The task = Transcribe every entry word for word, but drop the pictures.

Records for this exercise =

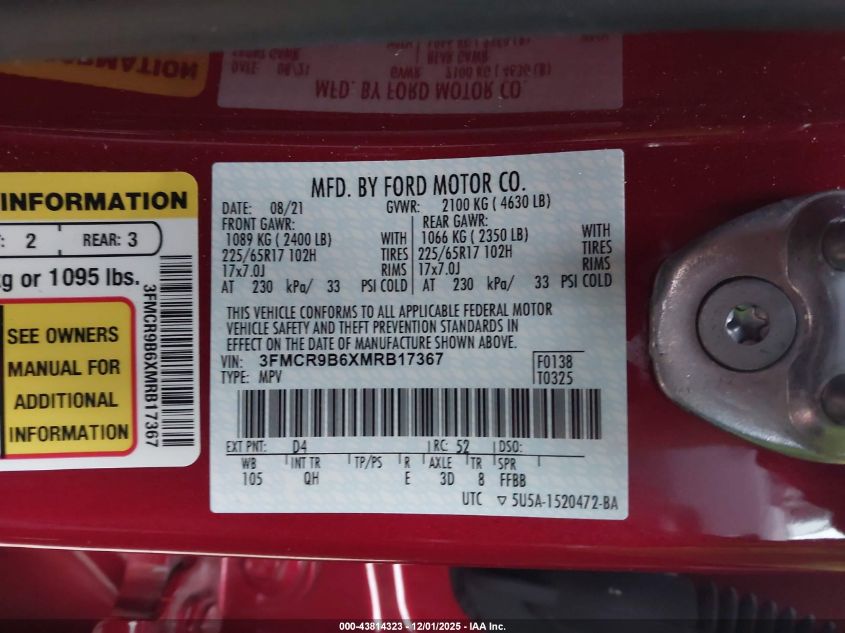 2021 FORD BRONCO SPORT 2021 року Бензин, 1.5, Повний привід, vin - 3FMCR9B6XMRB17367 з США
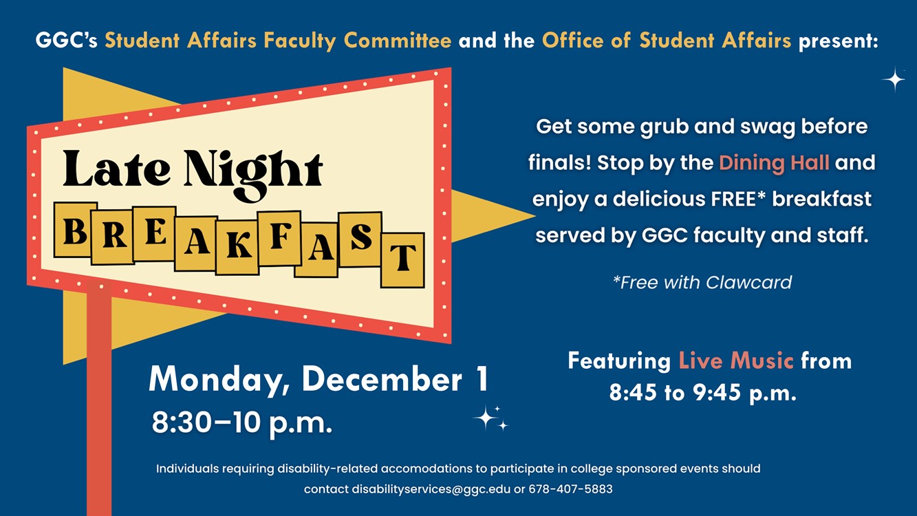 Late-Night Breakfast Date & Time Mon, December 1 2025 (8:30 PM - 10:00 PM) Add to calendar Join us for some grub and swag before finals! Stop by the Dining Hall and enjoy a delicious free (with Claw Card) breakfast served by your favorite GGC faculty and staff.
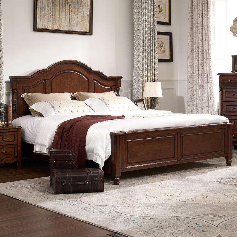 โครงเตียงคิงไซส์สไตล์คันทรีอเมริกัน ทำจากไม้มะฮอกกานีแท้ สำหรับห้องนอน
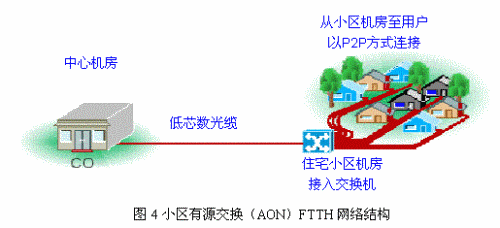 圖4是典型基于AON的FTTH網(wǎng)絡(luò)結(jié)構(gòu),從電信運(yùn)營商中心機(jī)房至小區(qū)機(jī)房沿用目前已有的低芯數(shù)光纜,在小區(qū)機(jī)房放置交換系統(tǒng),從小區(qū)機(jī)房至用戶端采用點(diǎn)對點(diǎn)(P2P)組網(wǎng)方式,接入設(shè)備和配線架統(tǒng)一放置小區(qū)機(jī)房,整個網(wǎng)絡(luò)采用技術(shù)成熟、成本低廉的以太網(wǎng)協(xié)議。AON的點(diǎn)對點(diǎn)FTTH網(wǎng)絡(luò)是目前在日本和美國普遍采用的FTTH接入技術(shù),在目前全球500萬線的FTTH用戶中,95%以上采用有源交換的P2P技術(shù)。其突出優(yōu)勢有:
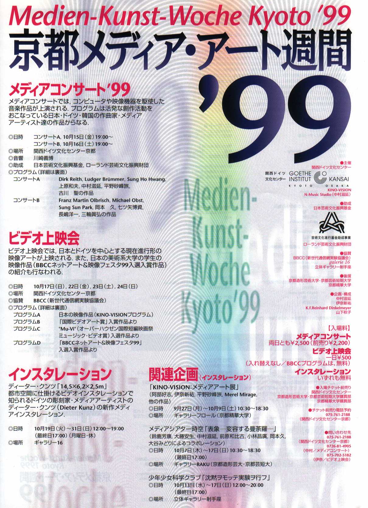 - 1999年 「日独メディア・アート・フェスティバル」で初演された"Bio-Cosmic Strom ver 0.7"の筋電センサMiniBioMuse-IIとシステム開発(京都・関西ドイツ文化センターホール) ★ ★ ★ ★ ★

Solved problem =
 2021 FORD BRONCO SPORT 2021 року Бензин, 1.5, Повний привід, vin - 3FMCR9B6XMRB17367 з США
 Late-Night Breakfast Date & Time Mon, December 1 2025 (8:30 PM - 10:00 PM) Add to calendar Join us for some grub and swag before finals! Stop by the Dining Hall and enjoy a delicious free (with Claw Card) breakfast served by your favorite GGC faculty and staff.
 โครงเตียงคิงไซส์สไตล์คันทรีอเมริกัน ทำจากไม้มะฮอกกานีแท้ สำหรับห้องนอน
 圖4是典型基于AON的FTTH網(wǎng)絡(luò)結(jié)構(gòu),從電信運(yùn)營商中心機(jī)房至小區(qū)機(jī)房沿用目前已有的低芯數(shù)光纜,在小區(qū)機(jī)房放置交換系統(tǒng),從小區(qū)機(jī)房至用戶端采用點(diǎn)對點(diǎn)(P2P)組網(wǎng)方式,接入設(shè)備和配線架統(tǒng)一放置小區(qū)機(jī)房,整個網(wǎng)絡(luò)采用技術(shù)成熟、成本低廉的以太網(wǎng)協(xié)議。AON的點(diǎn)對點(diǎn)FTTH網(wǎng)絡(luò)是目前在日本和美國普遍采用的FTTH接入技術(shù),在目前全球500萬線的FTTH用戶中,95%以上采用有源交換的P2P技術(shù)。其突出優(yōu)勢有:
 - 1999年 「日独メディア・アート・フェスティバル」で初演された"Bio-Cosmic Strom ver 0.7"の筋電センサMiniBioMuse-IIとシステム開発(京都・関西ドイツ文化センターホール) ★ ★ ★ ★ ★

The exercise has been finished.